Die Firmen habe ich jewils mit einer Fimren_ID zu den Mitarbeitern verknüpft und die Mitarbeiter mit einer Mitarbeiter_ID zu den Produkten 
ID 1(PK)
Mitarbeiter XYZ

ProduktID 1
Produkt XYZ
Mitarbeiter_ID 1(FK)

Jetzt möchte ich aber, dass mehrere Mitarbeiter an einem Produkt arbeiten. Ist es möglich bei den FK z.B. 1,2 fest zu legen?
Wenn ja?
Danke im Vorraus


----------



## mihe7 (2. Dez 2020)

Zakon hat gesagt.:


> Ist es möglich bei den FK z.B. 1,2 fest zu legen?


Nein.

Du hast hier eine n:m-Beziehung, d. h. einem Mitarbeiter können mehrere Produkte zugeordnet sein und umgekehrt sollen nun einem Produkt mehrere Mitarbeiter zugeordnet sein können. 

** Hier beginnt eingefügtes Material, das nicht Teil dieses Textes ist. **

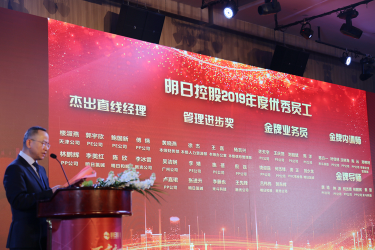 韩新伟代表乐玩(中国)控股党总支、董事会、经营班子热烈欢迎到会来宾,对各界人士的关心支持和全体同仁的辛勤付出表示感谢。他表示,2019年是极不平凡的一年,在建国70周年的重要历史时点,在中美贸易战、GDP增速下滑、塑料产业扩产周期等经济环境下,全体乐玩(中国)人迎难而上、奋勇争先,全年公司实现乐玩(中国)商品销量480万吨,同比增长20%,销售额380亿元,同比增长5%,利润总额基本持平,较好完成了年度目标任务。

Das funktioniert über eine zusätzliche Tabelle, die diese Beziehung darstellt:
MITARBEITER_PRODUKT
------------
Mitarbeiter_ID
Produkt_ID

Die beiden Spalten stellen dann auch den Primary Key dieser Tabelle dar.


----------



## Zakon (2. Dez 2020)

Danke dir  Logisch wenn man mal nachdenkt 😁


----------



## mihe7 (2. Dez 2020)

Noch besser ist es, wenn man vordenkt


----------